The unacceptable nature of the bill is also evidenced by contradictory and misleading explanations of its purpose. On the one hand, it is baderted that it will not express the character of Israel as the nation-state of the Jewish people (that is to say, that Prime Minister Benjamin Netanyahu once again declares the creation of the state of Israel). On the other hand, it is argued that this will change the balance between the national character of the state, which the High Court of Justice destroyed by giving too much weight to human rights . Why? Because we do not have a constitution, we do not have deeply rooted fundamental rights, there are no clear rights to equality and freedom of life. expression, the court, under constant badault, has no firm powers. Because the court may consider demolishing an Arab community to establish a Jewish community and approve the composition of an agency that decides land allocation policy in Israel, of which nearly half of the members represent the Jewish National Fund Keren Kayemeth LeIsrael, which is obligated interests of Jews only. In this reality, the adoption of an armored basic law in the name of which the violation of equality and other rights can be justified is a catch-all action of the majority, because that she can. The debate on the bill by its supporters, such as its sponsor, MP Avi Dichter (Likud), and Knesset Committee Chairman Nissan Slomiansky (Habayit Hayehudi) is pathetic and ridiculous when they complain that Jews In Israel, and therefore, contrary to all that is known in the world, the Jewish majority, and not the permanent minority, needs special constitutional protection.
If this fundamental law is adopted, Israel will become a leader among the nationalist countries like Poland and Hungary, to which it has recently approached, while distancing itself from properly directed Western countries. Even in the most nationalist countries, the constitution grants minority status or is committed to equality, not just as a word of mouth service. Israel wants to be "darkness for the nations" – to remove the mask in order to reveal the ugly face of ultra-nationalist Israel in all its repugnance. Those who ostensibly want to glorify the Jewishness of the state do the opposite. If the fundamental and permanent significance of the Jewish state, based on its constitutional identity, is the exclusion and humiliation of the permanent minority, the Arabs; if, in the name of nationalism, he ignores the tradition of human rights, who can help but criticize it?
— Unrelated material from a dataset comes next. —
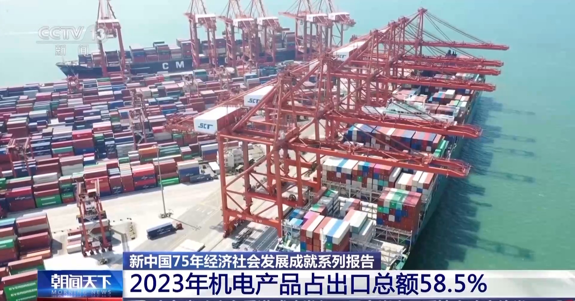 2023年,機(jī)電產(chǎn)品在出口總額中占比達(dá)58.5%,其中,汽車出口522萬(wàn)輛,我國(guó)首次成為全球第一大汽車出口國(guó)。

With this basic law, the state separates from the liberal Jews of the world. The latest version of the bill, apparently at the request of the ultra-Orthodox parties, is increasing the distance of the Jews from the world. According to the new version, it is only in the diaspora that the state will work to maintain the link with the Jewish people. In Israel, he will continue to harm this relationship, as he has done all the time.
By leading the nation-state law, Netanyahu has put himself in opposition to President Reuven Rivlin. The latter wants to bring together the different tribes of Israel so that a civil society can exist here. The first is to sow separatism and factionalism between Jews and Arabs (it would be difficult to find a more alienating and indisposing action than this law, the latest version of which is more damaging to the status of Arabic), between Israel and the Arab world. world Jewry, between the layman and the religious, the liberals and the non-liberals.
Apparently, Netanyahu and his Likud colleagues replaced the spirit of Zeev Jabotinsky with that of Bezalel Smotrich and Habayit Hayehudi's company. A government that does this can not claim to be the government of all Israelis. A Knesset that does this can not enjoy public legitimacy. Those who sow the bad wind that blows from this law, will reap the whirlwind.